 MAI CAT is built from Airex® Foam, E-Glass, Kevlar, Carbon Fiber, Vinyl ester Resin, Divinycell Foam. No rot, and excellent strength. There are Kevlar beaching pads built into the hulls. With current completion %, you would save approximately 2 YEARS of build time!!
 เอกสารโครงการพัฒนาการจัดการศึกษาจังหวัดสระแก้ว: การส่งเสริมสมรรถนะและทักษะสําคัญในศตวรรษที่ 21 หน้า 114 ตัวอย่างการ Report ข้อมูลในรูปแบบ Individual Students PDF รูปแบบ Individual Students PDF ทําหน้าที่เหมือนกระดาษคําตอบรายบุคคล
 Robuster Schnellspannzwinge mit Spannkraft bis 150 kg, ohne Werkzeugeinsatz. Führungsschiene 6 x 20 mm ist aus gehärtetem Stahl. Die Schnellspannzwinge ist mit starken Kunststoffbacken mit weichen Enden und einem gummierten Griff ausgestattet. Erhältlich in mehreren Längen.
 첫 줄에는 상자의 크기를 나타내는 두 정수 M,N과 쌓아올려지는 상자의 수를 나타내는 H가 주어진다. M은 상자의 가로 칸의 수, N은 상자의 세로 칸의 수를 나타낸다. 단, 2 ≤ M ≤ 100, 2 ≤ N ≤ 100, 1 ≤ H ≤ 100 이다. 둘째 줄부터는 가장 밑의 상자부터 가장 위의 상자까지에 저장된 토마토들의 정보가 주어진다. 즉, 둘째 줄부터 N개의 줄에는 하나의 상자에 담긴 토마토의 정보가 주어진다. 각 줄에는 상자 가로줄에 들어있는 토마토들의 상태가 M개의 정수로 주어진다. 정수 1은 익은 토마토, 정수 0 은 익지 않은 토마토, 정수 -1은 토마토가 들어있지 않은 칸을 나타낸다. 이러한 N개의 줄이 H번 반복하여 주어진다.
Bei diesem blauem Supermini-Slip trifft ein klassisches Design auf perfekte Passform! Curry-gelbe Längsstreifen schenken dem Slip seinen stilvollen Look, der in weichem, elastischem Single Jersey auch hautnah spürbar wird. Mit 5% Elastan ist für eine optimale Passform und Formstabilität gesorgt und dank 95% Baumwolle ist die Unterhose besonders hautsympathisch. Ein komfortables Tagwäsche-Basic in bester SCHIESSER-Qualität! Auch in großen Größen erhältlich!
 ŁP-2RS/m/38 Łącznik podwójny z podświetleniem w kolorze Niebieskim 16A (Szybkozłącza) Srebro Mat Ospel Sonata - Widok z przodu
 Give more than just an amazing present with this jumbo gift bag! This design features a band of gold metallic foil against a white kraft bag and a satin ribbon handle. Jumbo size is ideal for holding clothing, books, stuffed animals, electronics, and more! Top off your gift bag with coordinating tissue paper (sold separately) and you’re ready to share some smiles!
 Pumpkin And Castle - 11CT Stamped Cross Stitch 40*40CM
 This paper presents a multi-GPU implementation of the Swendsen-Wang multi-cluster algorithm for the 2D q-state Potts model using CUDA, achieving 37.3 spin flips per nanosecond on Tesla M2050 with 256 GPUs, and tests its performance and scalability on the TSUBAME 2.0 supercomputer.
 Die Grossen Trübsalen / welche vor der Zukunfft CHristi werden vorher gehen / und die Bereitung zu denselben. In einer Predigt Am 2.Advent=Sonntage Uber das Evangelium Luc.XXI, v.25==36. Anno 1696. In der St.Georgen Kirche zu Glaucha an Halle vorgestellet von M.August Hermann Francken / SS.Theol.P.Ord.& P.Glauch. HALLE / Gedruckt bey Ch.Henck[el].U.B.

******************************

Your goal:
Your output should be an exact copy of the lines from the top of the listing above to the line with "Students PDF ทําหน้าที่เหมือนกระดาษคําตอบรายบุคคล", both ends included.

Exercise answer:
 MAI CAT is built from Airex® Foam, E-Glass, Kevlar, Carbon Fiber, Vinyl ester Resin, Divinycell Foam. No rot, and excellent strength. There are Kevlar beaching pads built into the hulls. With current completion %, you would save approximately 2 YEARS of build time!!
 เอกสารโครงการพัฒนาการจัดการศึกษาจังหวัดสระแก้ว: การส่งเสริมสมรรถนะและทักษะสําคัญในศตวรรษที่ 21 หน้า 114 ตัวอย่างการ Report ข้อมูลในรูปแบบ Individual Students PDF รูปแบบ Individual Students PDF ทําหน้าที่เหมือนกระดาษคําตอบรายบุคคล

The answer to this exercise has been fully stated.